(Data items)
------
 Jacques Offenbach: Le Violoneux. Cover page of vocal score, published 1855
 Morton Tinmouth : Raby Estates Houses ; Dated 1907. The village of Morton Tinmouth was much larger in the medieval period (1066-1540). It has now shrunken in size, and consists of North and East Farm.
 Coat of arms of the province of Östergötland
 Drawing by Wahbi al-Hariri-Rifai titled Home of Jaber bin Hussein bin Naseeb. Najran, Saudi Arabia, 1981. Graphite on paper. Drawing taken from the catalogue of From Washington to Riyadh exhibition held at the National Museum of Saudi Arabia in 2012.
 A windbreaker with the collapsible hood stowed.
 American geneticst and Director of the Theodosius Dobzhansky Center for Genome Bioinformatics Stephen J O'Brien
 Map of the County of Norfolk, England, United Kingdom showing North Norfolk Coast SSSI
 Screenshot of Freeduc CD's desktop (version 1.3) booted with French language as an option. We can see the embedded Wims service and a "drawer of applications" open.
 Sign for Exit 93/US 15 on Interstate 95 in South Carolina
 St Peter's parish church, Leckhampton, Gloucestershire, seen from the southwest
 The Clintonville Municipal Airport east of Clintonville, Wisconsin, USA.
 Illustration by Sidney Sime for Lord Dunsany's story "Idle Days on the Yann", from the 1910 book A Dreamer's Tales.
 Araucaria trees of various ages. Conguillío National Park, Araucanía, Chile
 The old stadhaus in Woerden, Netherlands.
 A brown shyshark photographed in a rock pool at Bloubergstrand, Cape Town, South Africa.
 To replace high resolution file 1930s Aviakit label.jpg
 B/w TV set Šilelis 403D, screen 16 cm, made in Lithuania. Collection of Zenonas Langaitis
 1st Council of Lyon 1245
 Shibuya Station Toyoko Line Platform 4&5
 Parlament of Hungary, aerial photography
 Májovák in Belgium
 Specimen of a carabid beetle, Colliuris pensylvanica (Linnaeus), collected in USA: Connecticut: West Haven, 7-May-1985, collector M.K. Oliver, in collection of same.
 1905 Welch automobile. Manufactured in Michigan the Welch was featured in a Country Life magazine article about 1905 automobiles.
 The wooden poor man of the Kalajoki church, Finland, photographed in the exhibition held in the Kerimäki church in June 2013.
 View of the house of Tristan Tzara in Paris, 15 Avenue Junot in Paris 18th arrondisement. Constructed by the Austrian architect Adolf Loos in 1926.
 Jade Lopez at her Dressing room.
------
[Work instruction] Each record must be repeated exactly as it appears above.

[Written answer]
 Jacques Offenbach: Le Violoneux. Cover page of vocal score, published 1855
 Morton Tinmouth : Raby Estates Houses ; Dated 1907. The village of Morton Tinmouth was much larger in the medieval period (1066-1540). It has now shrunken in size, and consists of North and East Farm.
 Coat of arms of the province of Östergötland
 Drawing by Wahbi al-Hariri-Rifai titled Home of Jaber bin Hussein bin Naseeb. Najran, Saudi Arabia, 1981. Graphite on paper. Drawing taken from the catalogue of From Washington to Riyadh exhibition held at the National Museum of Saudi Arabia in 2012.
 A windbreaker with the collapsible hood stowed.
 American geneticst and Director of the Theodosius Dobzhansky Center for Genome Bioinformatics Stephen J O'Brien
 Map of the County of Norfolk, England, United Kingdom showing North Norfolk Coast SSSI
 Screenshot of Freeduc CD's desktop (version 1.3) booted with French language as an option. We can see the embedded Wims service and a "drawer of applications" open.
 Sign for Exit 93/US 15 on Interstate 95 in South Carolina
 St Peter's parish church, Leckhampton, Gloucestershire, seen from the southwest
 The Clintonville Municipal Airport east of Clintonville, Wisconsin, USA.
 Illustration by Sidney Sime for Lord Dunsany's story "Idle Days on the Yann", from the 1910 book A Dreamer's Tales.
 Araucaria trees of various ages. Conguillío National Park, Araucanía, Chile
 The old stadhaus in Woerden, Netherlands.
 A brown shyshark photographed in a rock pool at Bloubergstrand, Cape Town, South Africa.
 To replace high resolution file 1930s Aviakit label.jpg
 B/w TV set Šilelis 403D, screen 16 cm, made in Lithuania. Collection of Zenonas Langaitis
 1st Council of Lyon 1245
 Shibuya Station Toyoko Line Platform 4&5
 Parlament of Hungary, aerial photography
 Májovák in Belgium
 Specimen of a carabid beetle, Colliuris pensylvanica (Linnaeus), collected in USA: Connecticut: West Haven, 7-May-1985, collector M.K. Oliver, in collection of same.
 1905 Welch automobile. Manufactured in Michigan the Welch was featured in a Country Life magazine article about 1905 automobiles.
 The wooden poor man of the Kalajoki church, Finland, photographed in the exhibition held in the Kerimäki church in June 2013.
 View of the house of Tristan Tzara in Paris, 15 Avenue Junot in Paris 18th arrondisement. Constructed by the Austrian architect Adolf Loos in 1926.
 Jade Lopez at her Dressing room.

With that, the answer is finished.